Шрифт:
Другим важным противовесом отмеченным выше тенденциям в школьном деле был рост культурных сил страны, ширящееся понимание роли народного просвещения. Еще А. С. Пушкин говорил, что просвещение спасет Россию. Эти взгляды разделяли и развивали Ф. М. Достоевский, Л. Н. Толстой, а в начале XX в. происходит их своеобразная инфильтрация в широкие круги русского общества. В немалой степени это обусловлено тем общим душевным настроем, который был характерен для интеллигенции.
«Казенные жителя в казенной школе», — с горечью писал Ф. М. Достоевский. Но если с тех пор в чем-то школа реально изменилась, то это прежде всего за счет притока идеалистов, т. е. людей с нравственными и гражданскими идеалами, воспринимавшими свою деятельность не как службу, а как служение народу. Поэтому вряд ли следует воспринимать взгляды и нравственные позиции автора «Дневника словесника» как уникальные.
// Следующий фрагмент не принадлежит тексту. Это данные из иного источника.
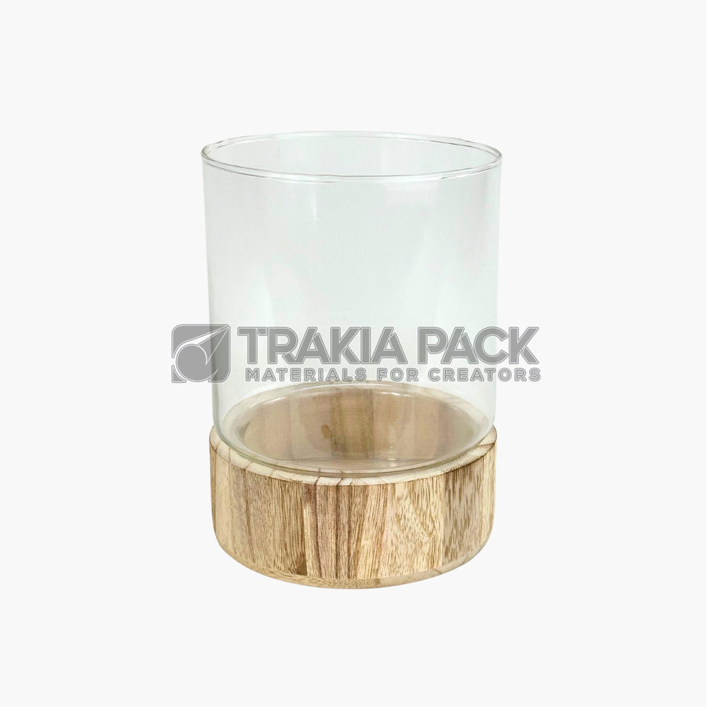 Стъклена ваза/свещник цилиндър с дървена основа - 14х19см

Всеобщий поиск цельного мировоззрения, стремление подчинить ему всю свою жизнь, ориентация личной жизни на социальное служение, нравственные оценки, игравшие исключительную роль, презрение к личному богатству, готовность к самопожертвованию — эти черты русского интеллигента все отчетливее проявляются в учительской среде и через нее начинают воспроизводиться во все увеличивающихся масштабах. Как тревожит автора «Дневника», что молодежь вступает в жизнь без цельного мировоззрения, что ученицы хотят писать сочинения о действительно важных проблемах, о смысле жизни, а школа им не дает даже задуматься об этом и сама не хочет отвечать на их вопросы. И как радуется он, когда семена, брошенные на уроках словесности, прорастали в жизни и деятельности его воспитанниц. «Вчера вечером, — записывает он, — были у меня в гостях две бывших ученицы первого моего выпуска… Умные, развитые девушки, сознательно пережившие минувшие бурные годы, они были в VIII классе уже людьми с определенными убеждениями, которые умели отстаивать и в разговорах, и даже в своих гимназических сочинениях. Не к диплому и далее не к высшему образованию стремились они, а к живой работе на пользу народу, хотя бы и с тяжелыми жертвами лично для себя». Они организуют детскую колонию, работают на полях как крестьяне, а потом учат собранных в колонии бедных ребят. Им приходится сталкиваться с огромными личными трудностями и лишениями, но, как свидетельствует Н. Ф. Шубкин, «их любовь к живому делу не угасла». Преданность своему делу, верность своим убеждениям безусловно были принципиально новым важным явлением, которое исподволь меняло русскую школу, являясь своеобразным противовесом отжившим реакционным тенденциям.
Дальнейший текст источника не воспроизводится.